*** Block opens ***
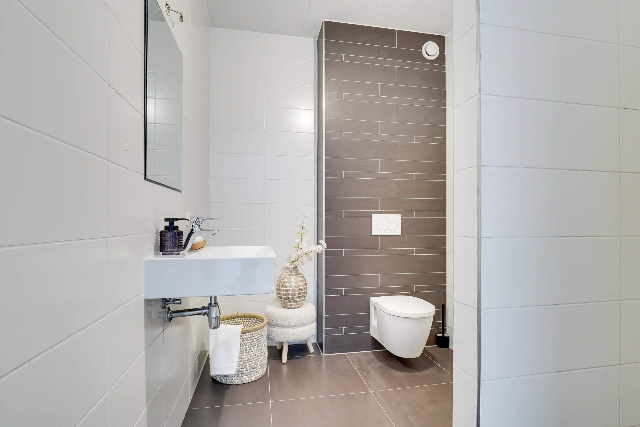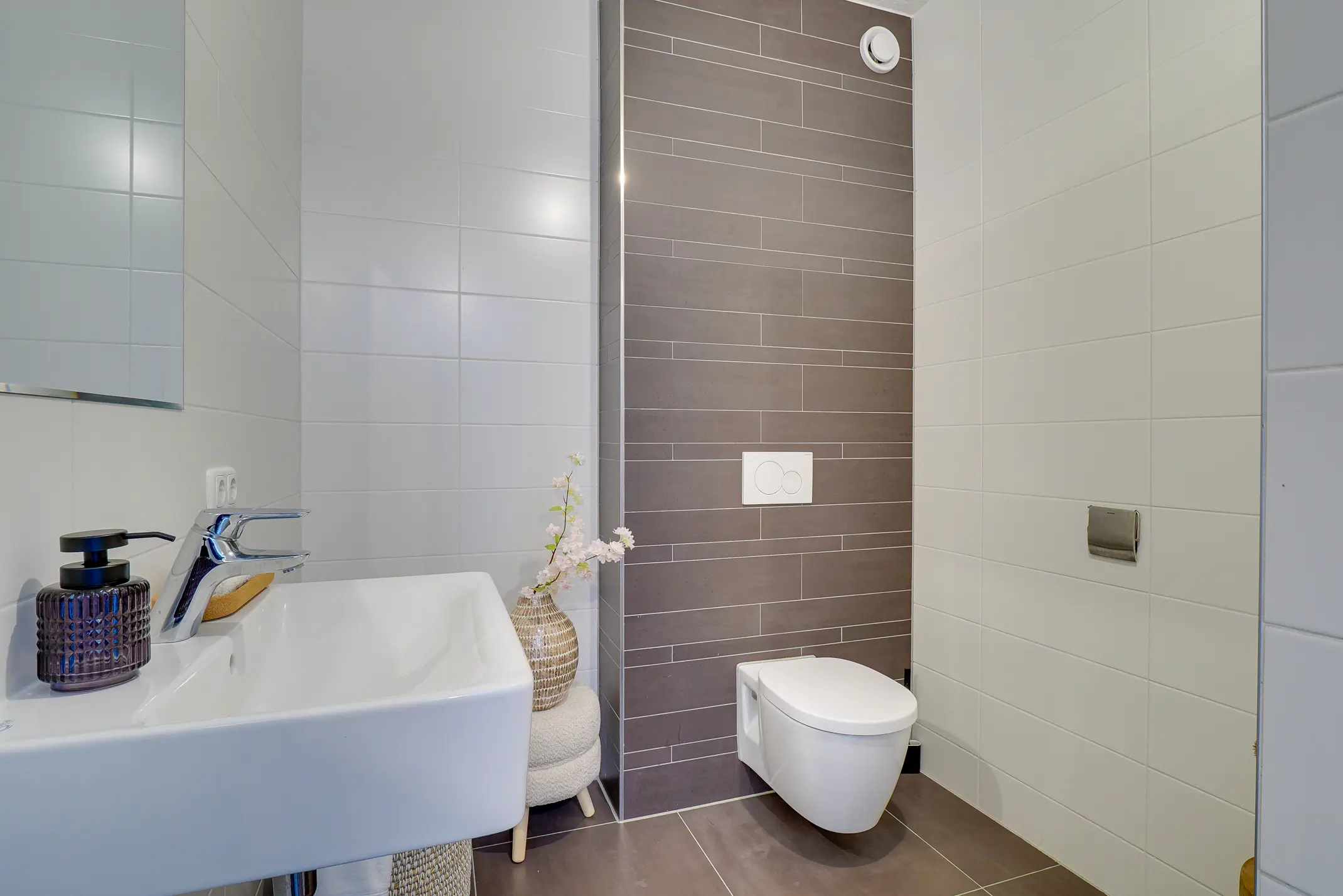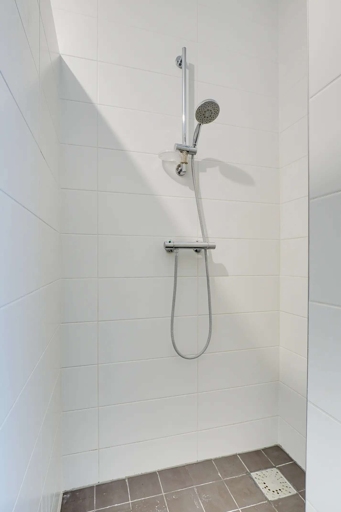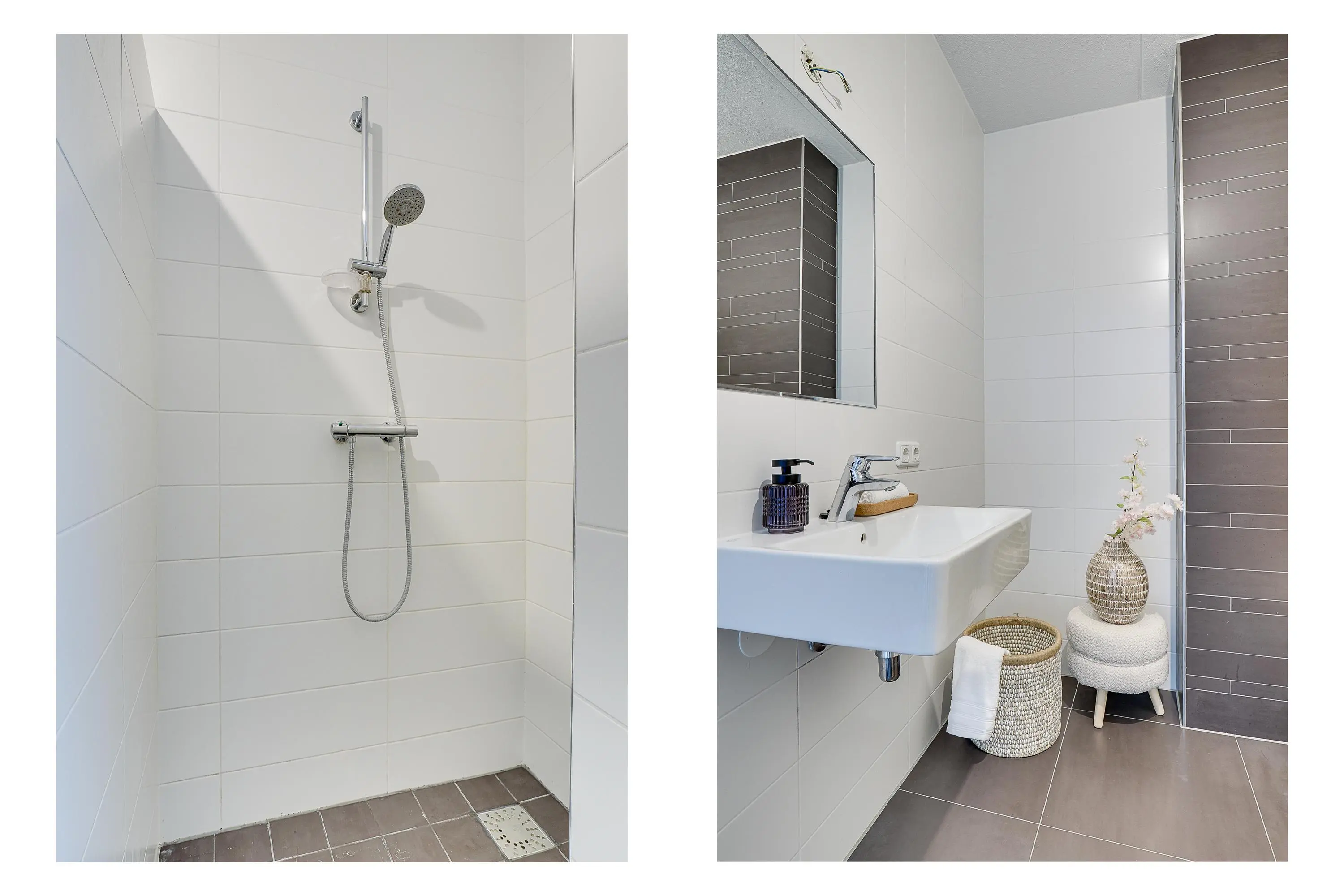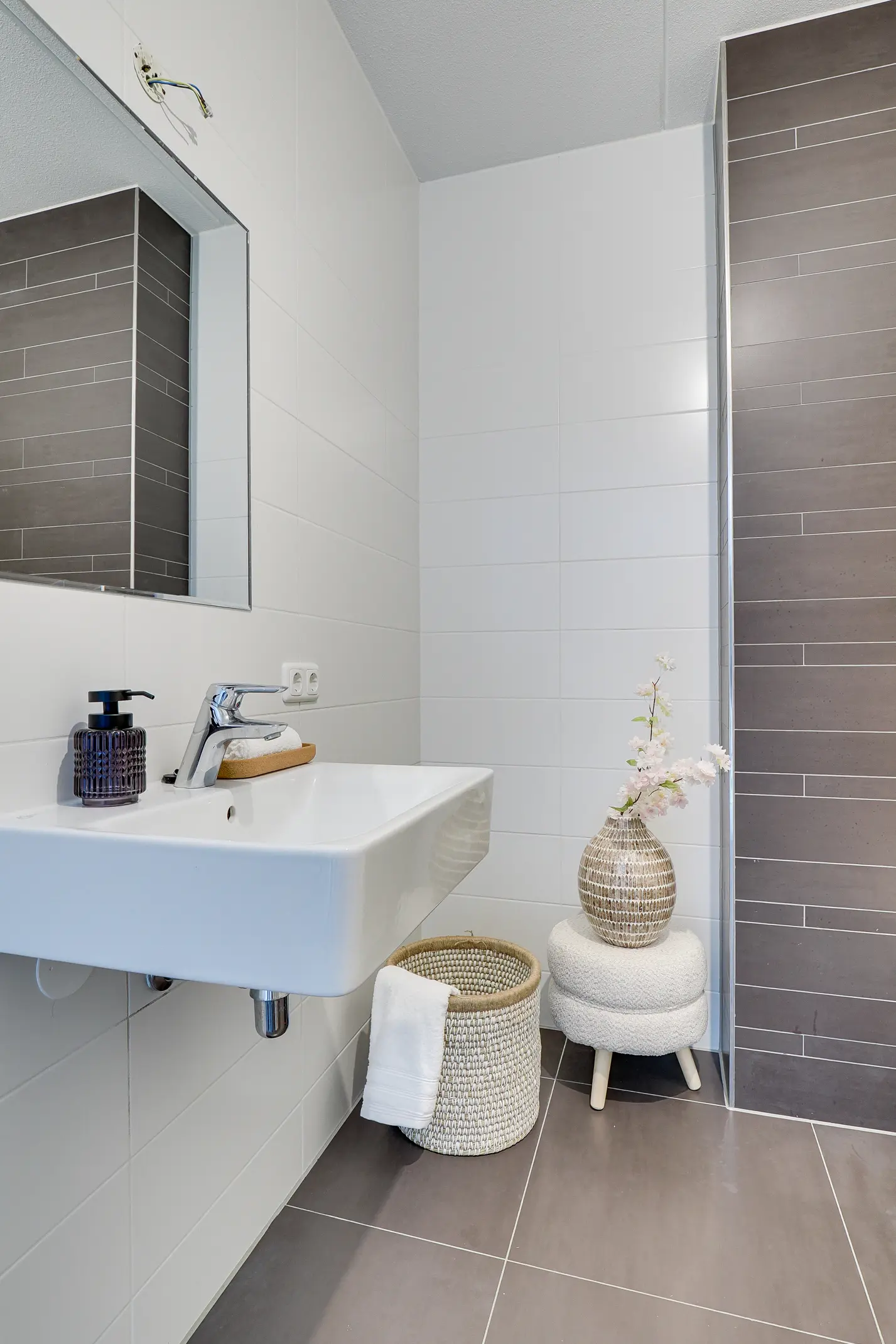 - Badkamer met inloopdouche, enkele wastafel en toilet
*** Block closes ***
*** Block opens ***
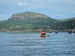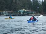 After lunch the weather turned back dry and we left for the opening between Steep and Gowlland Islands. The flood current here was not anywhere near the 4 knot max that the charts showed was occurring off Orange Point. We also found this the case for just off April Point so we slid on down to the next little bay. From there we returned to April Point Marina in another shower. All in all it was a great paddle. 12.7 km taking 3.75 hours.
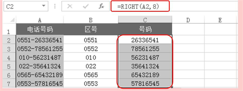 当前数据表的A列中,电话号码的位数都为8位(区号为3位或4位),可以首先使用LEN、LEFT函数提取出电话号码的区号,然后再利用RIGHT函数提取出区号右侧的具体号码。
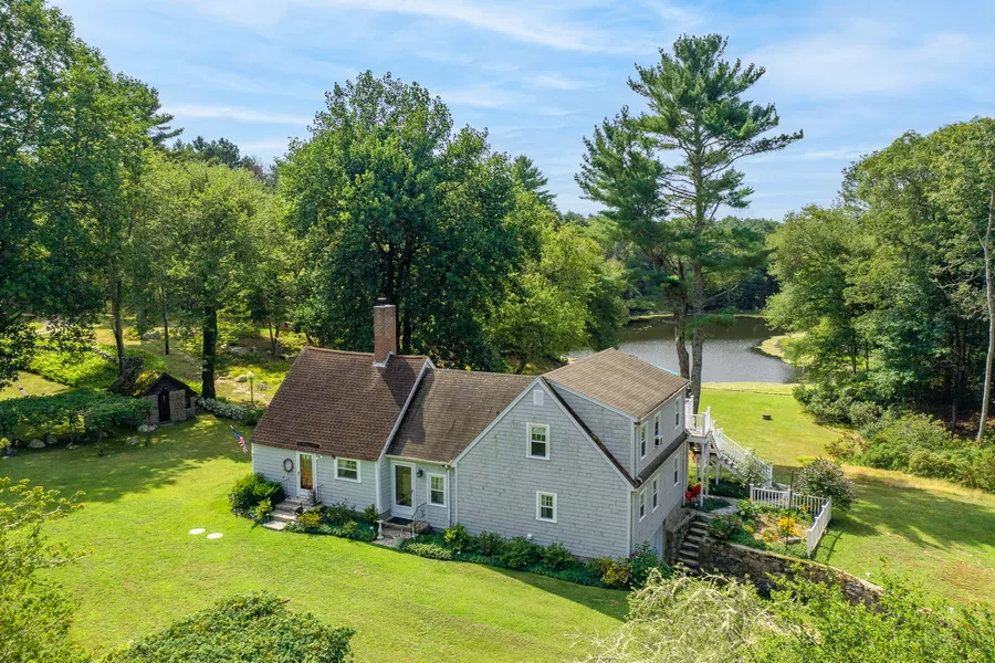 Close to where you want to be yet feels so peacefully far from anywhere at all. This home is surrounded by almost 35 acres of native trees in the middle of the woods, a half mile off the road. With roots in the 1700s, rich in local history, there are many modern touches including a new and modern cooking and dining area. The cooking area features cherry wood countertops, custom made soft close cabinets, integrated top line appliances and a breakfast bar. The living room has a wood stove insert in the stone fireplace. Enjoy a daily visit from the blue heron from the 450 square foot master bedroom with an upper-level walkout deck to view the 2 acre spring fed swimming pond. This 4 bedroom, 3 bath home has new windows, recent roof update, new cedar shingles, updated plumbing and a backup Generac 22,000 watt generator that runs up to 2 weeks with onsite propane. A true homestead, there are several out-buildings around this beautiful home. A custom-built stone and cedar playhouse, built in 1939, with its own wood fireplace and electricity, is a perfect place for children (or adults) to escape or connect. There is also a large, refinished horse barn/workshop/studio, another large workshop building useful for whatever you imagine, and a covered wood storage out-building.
*** Block closes ***
* **How to complete this task**
The line holding "After lunch the" starts the copy and the line holding "当前数据表的A列中,电话号码" ends it. Repeat those two lines above and all between them exactly, leaving out pictures.

* **Finished task**
 After lunch the weather turned back dry and we left for the opening between Steep and Gowlland Islands. The flood current here was not anywhere near the 4 knot max that the charts showed was occurring off Orange Point. We also found this the case for just off April Point so we slid on down to the next little bay. From there we returned to April Point Marina in another shower. All in all it was a great paddle. 12.7 km taking 3.75 hours.
 当前数据表的A列中,电话号码的位数都为8位(区号为3位或4位),可以首先使用LEN、LEFT函数提取出电话号码的区号,然后再利用RIGHT函数提取出区号右侧的具体号码。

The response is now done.